Last week the AFR wrote why Coles and Woolworths are trying to use Amazon’s increasing market share in the online grocery delivery space as justification that they aren’t a duopoly.
I thought this was a timely piece given last week I shared that I would be republishing my old articles written as part of This Week in Australian Startups as standalone articles in the lead up to issue 100.
I’m republishing two articles I previously wrote and combining it with new analysis, in Chatper 3, into one larger piece today ‘The Battle for Online Groceries in Australia’.
Haris
Chapter 1: Milkrun vs Supermarkets
Originally published on 1st February 2023
In an exclusive report, The Australian, claims Milkrun has failed in multiple attempts to raise a Series B a little over 12 months after a huge $75M Series A led by Tiger Global, Grok Ventures, AirTree Ventures, and Skip Capital.
If you haven’t been following Milkrun or the grocery delivery industry, perhaps this may come as a surprise - but it’s something that was absolutely to be expected. This doesn’t mean Milkrun won’t raise a successful Series B and continue operating, but the economics have changed dramatically.
In Europe in the last 12-24 months we’ve seen huge consolidation in this space. Getir acquired Weezy, Gopuff acquired Dija and Fancy, Getir acquired Gorillas for $1.2B. The last one was the most significant, it all but unified grocery delivery across all of Europe making the combined company of Getir and Gorillas worth almost $10B. At home, whilst not through acquisition Milkrun is the last grocery delivery app left with the closure of Send, Voly, and Quicko - a consolidation nonetheless.
There’s a few things at play here for me.
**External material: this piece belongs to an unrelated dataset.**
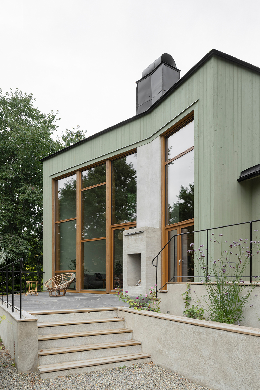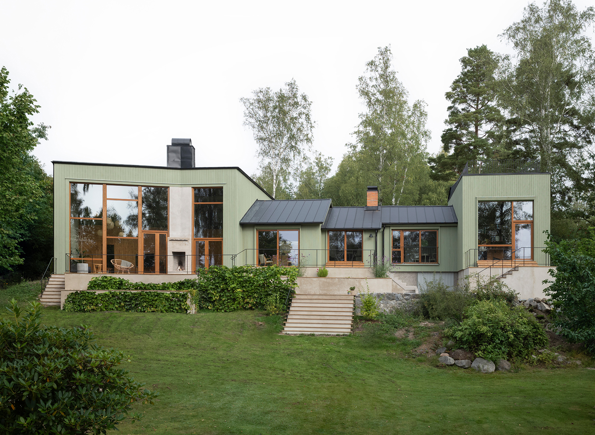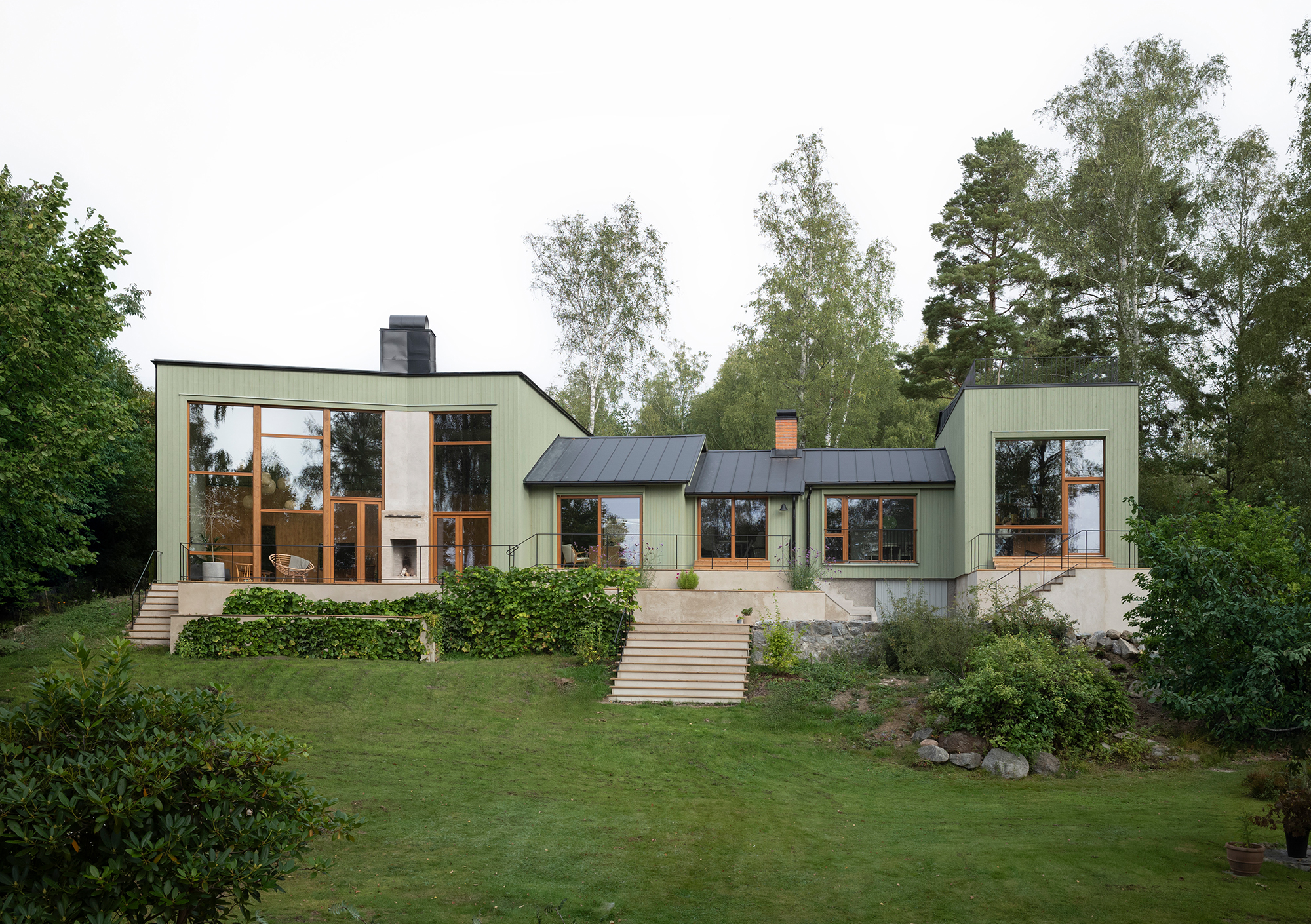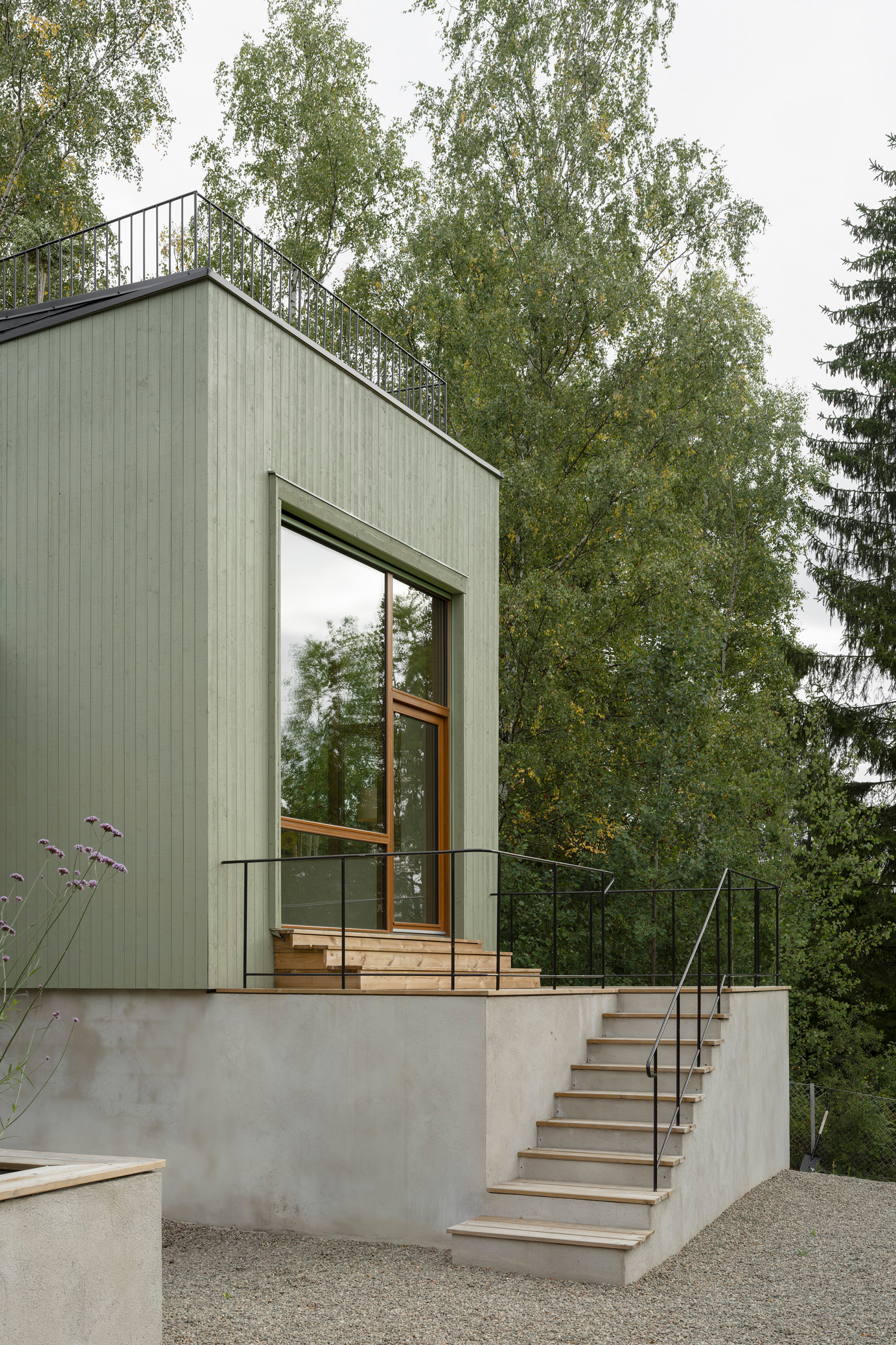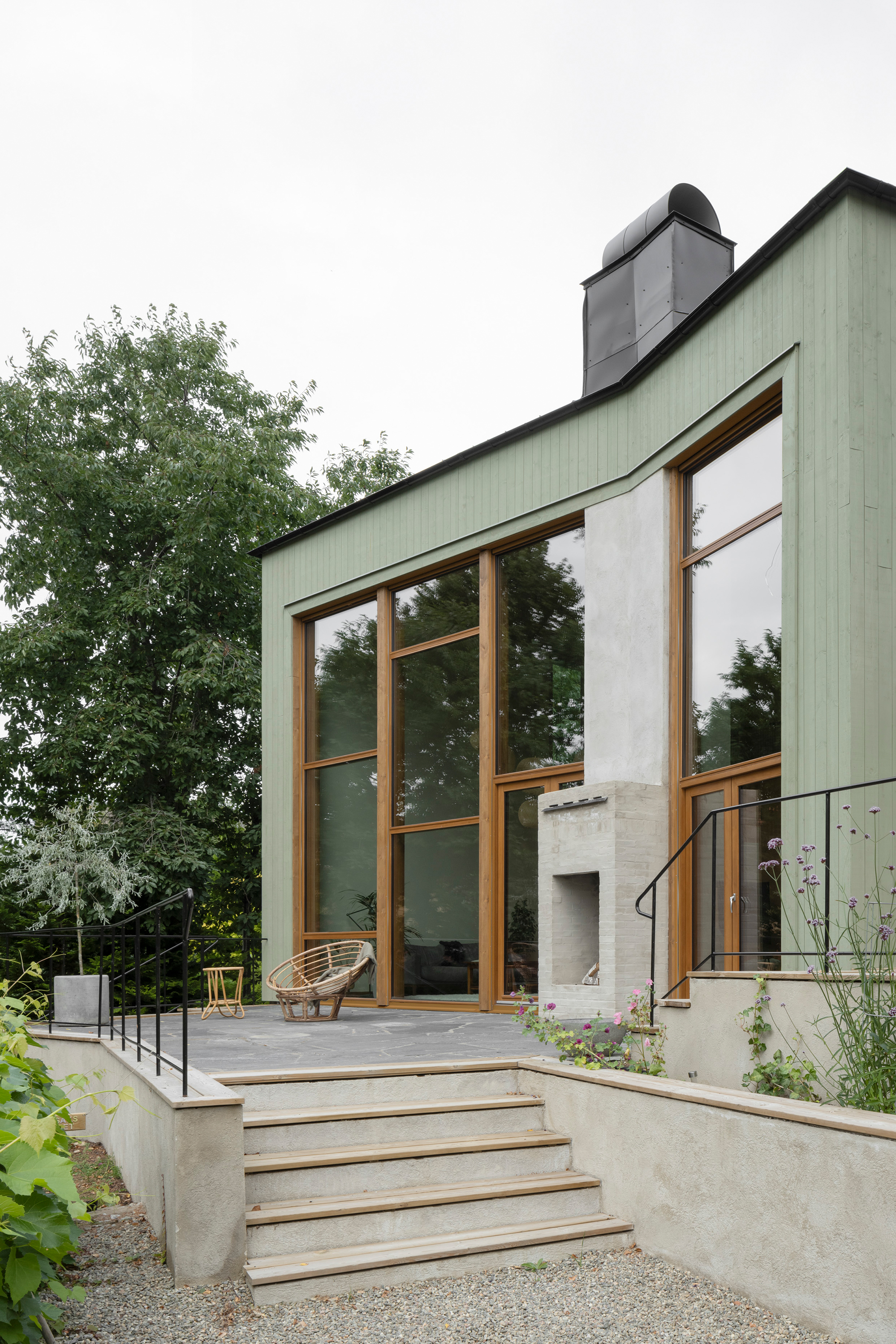 Externally, the building's five volumes are all clad in green-painted spruce panelling. The panel width varies between the volumes, with narrower panels on the smaller volumes and wider panels on the larger ones. The choice of this green, mild treatment aims to unify the five volumes into a more cohesive whole. A series of terraces has been arranged in front of the house to bridge the height differences between the house and the garden and at the same time create outdoor areas that connect more directly to the interior. A chimney with both an indoor and outdoor fireplace is integrated into the facade glazing of the living room, further enhancing and activating the relationship between the house and the garden.

1. VCs don’t like loss making startups anymore
With so much competition in the space, grocery delivery apps had no real loyalty. It was a low cost race with consumers waiting for the next coupon or whichever app would get them their eggs cheapest and quickest. Similar to price wars with ride sharing apps we’ve seen in the past, when new players enter the market in the race for market share.
This model relies on paid acquisition to not only grow but keep existing customers was costly, and mostly funded by money raised by VCs in the form of on going coupons and discounts.
A consolidation in the space was natural. So many of these startups had no differentiation except for their branding and geographies they served - it would be naive to think many of these founders didn’t start these with the strategic vision to be acquired by a larger player who understands it’s cheaper to buy than spending money to grow into these new geographies. And there’s nothing wrong with that, it’s a common strategy - what’s a business successful overseas that doesn’t exist in your local market, you’ve got the playbook, go build it and then try and sell it when that business looks to enter your market.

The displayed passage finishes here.